Над Южными Воротами Башни зажглись зеленые светофоры, как кошачьи глаза. Из ворот выехал длинный черный лимузин. Гремя помятыми крыльями, лимузин пересек площадь и скрылся в складках белья, мокнущего на веревках.
Начальник Тайной Канцелярии стиснул зубы, пережидая приступ боли в паху.
Неожиданно из складок высунулось что обморочное, лицо, фигура, потом еще и еще. Слезы мешали дышать и видеть. Он смахнул слезы рукавом ночной рубашки и позвал слугу.
Из Каретного ряда на Болотную площадь выползала толпа с какой-то ужасающей змеиной подвижностью.
— Что там происходит?.. — вдруг севшим голосом спросил он слугу, весь в ознобных мурашках.
— Ничего особенного, провожают в последний путь еще одного Избавителя… не понимаю, почему, спасая одних, они губят других…
— В этом и есть суть трагедии… что?.. непонятно?.. потом поймешь… что еще?.. говори, не тяни…
— Боюсь, что это вас расстроит… Старик ослеп…
— Как ослеп?.. нет, нет… — Начальник Тайной Канцелярии вскользь глянул на стену. На пустом месте уже висел портрет незнакомца, рыжий, небритый. Незнакомец как будто следил за ним.

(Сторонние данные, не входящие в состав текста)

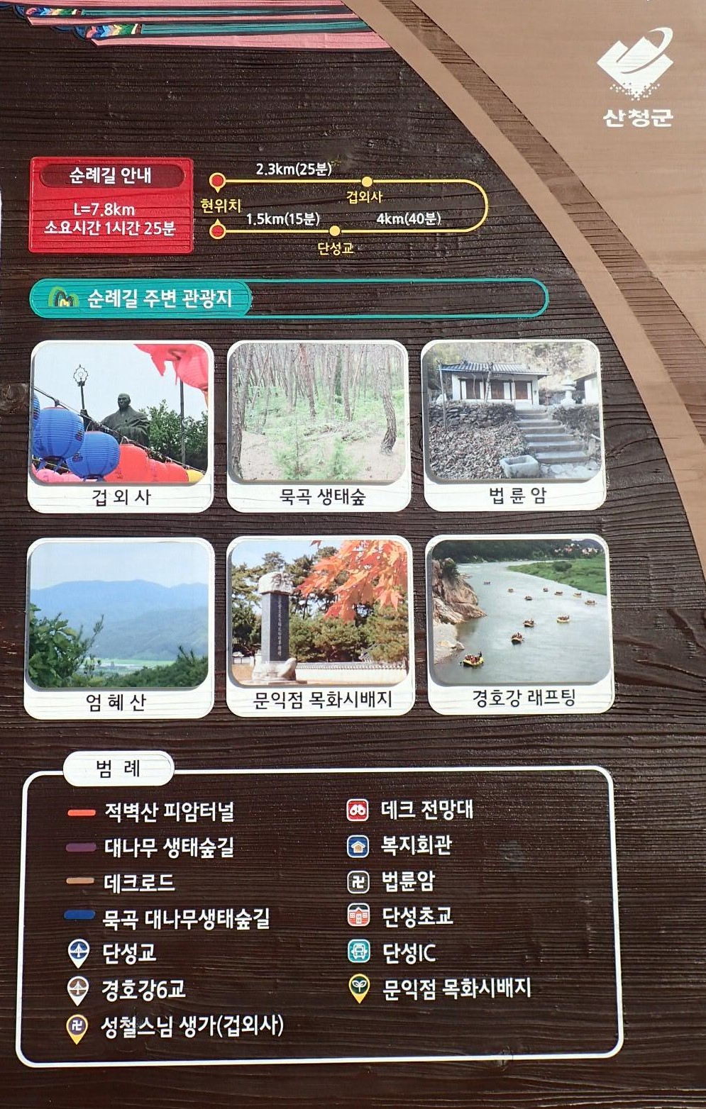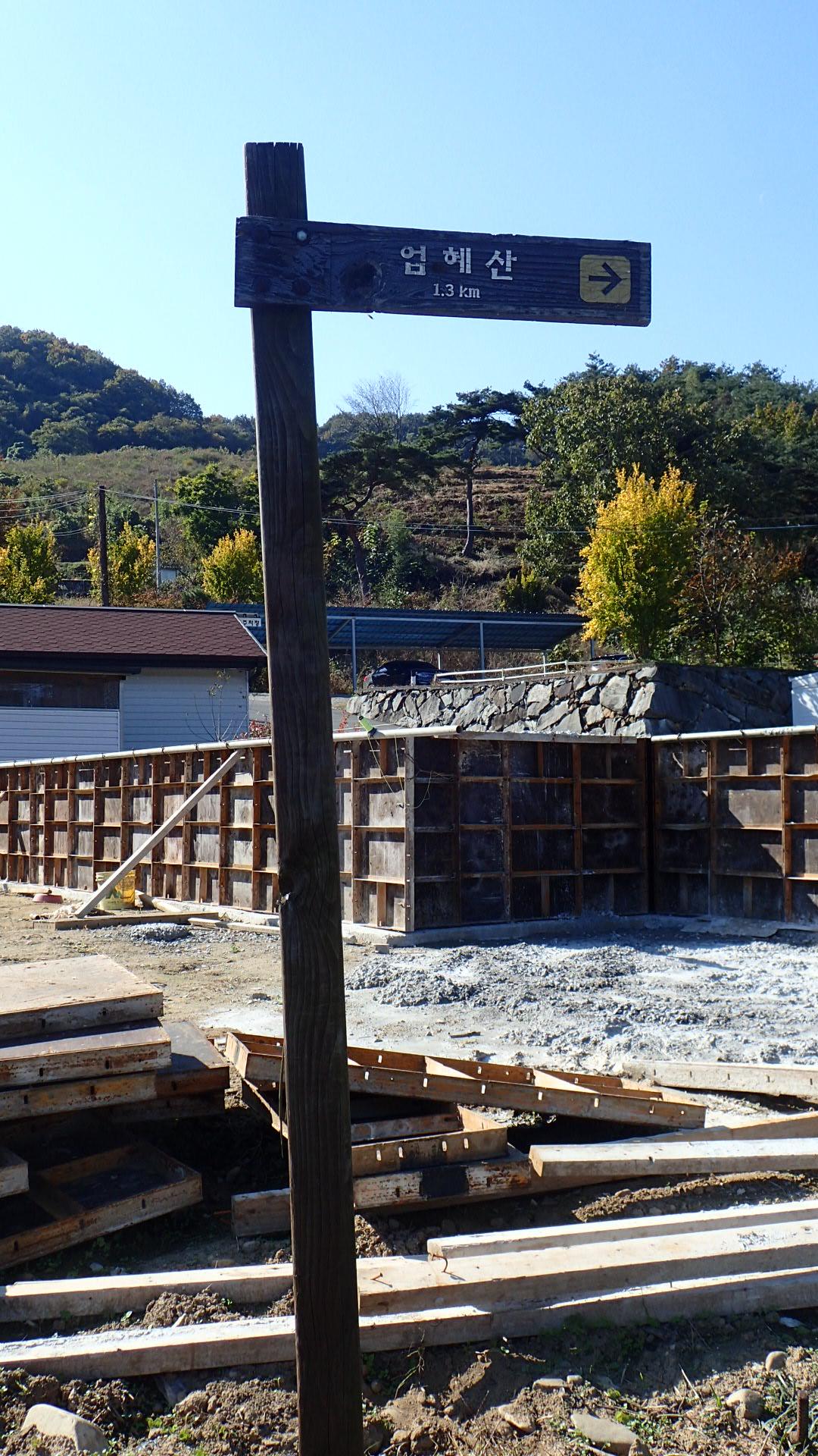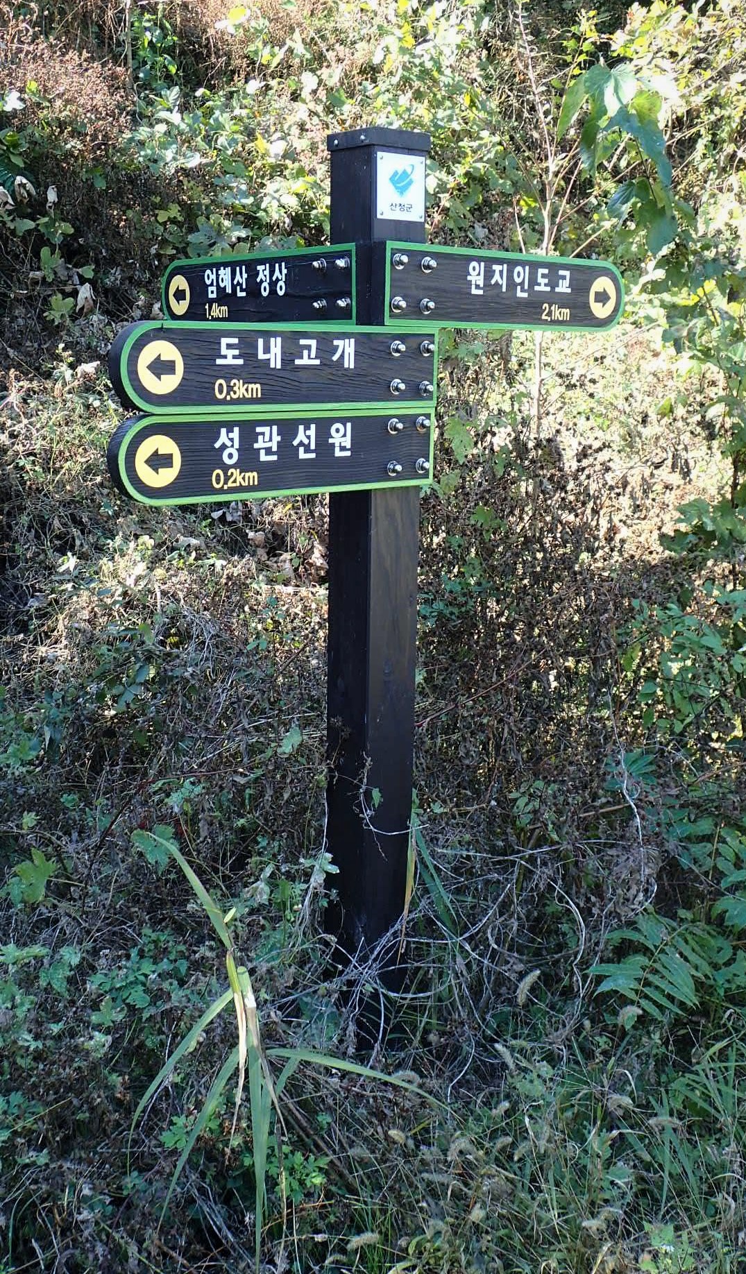 엄혜산 정상 1.1km·도내고개 2.8km·겁외사 3.6km·묵곡생태숲공원 3.3km를 가리키는데,

— Это я повесил… там было пустое место… — опустив голову, пробормотал слуга.
— Что ты там бормочешь?..
— Я говорю, что это ваш дед…
На портрете деду было лет 30, не больше. Лицо узкое и длинное, в очках.
— Похож на филина…
Дед Начальника Тайной Канцелярии был притчем. Как-то он шел по Болотной улице и вдруг услышал плач младенца. Заслонившись рукой, он посмотрел на большой и унылый дом с террасой, над которой кружила палая листва. Никого. Чуть поодаль трепались на стене остатки обмокшей афиши с изображением балерины.
«Наверное, почудилось…» — подумал он. Сделав несколько шагов, он увидел ее. Она как будто сошла с афиши. Грациозная, хрупкая, она пробежала мимо, оставляя за собой влажные, темные следы.